Now, here's one that hardly requires any practice. Wear a rubber band on your wrist, and when you start having an obsession at a bad time, just snap the rubber band. The sting will make you concentrate on your wrist, and it will be difficult for you to keep your obsession in mind. This is because pain, even slight pain, will be the stimulus that the brain chooses to attend to over any other, even over obsessions. If you do this one too much, of course, your wrist will get sore, so try to do this in moderation. But this is a simple technique that works very often, and is a good place to start. In fact, some people say that after trying the rubber band a couple of times, all they needed to do was to imagine the snap and that was enough to stop the thoughts.

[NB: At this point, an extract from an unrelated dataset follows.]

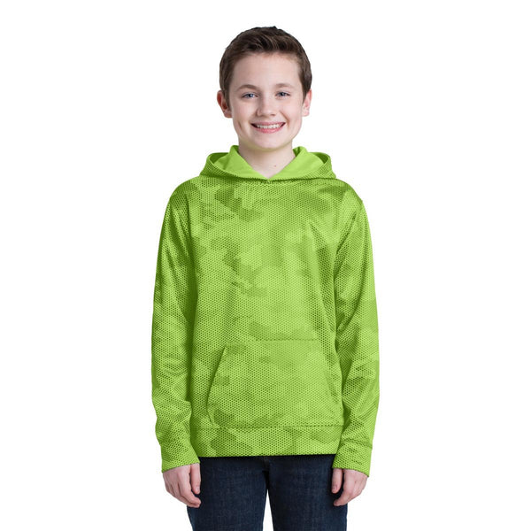 Sport-Tek Youth Black/Deep Red Sport-Wick CamoHex Fleece Colorblock Hooded Pullover

One more thought-stopping technique that we would like to pass on here. This one is called "thought contracting" because you're going to be making a contract with yourself. When you begin to have an obsession, especially if you have one at a particularly bad time (when you have to concentrate on class, when someone else is talking to you, etc.), tell yourself this: "I can't have this thought now, but I'll have it in 5 minutes." Then in 5 minutes, take time out to really experience the obsession - do it on purpose. If you're going to make a contract with your brain to delay the thought, then you have to keep your end of the bargain. There are two advantages to this technique. First, by delaying and then having the thought, your brain will learn that you will honor this contract, and will be willing to let you start lengthening the delay, say to 10 minutes, then 20, then 40, etc. Always remember to have the obsession at the time you mentally agreed upon. The second advantage is that, by having obsessions on demand, you will learn that you do have some control over them, and increasing this control will lead to decreasing their power over you.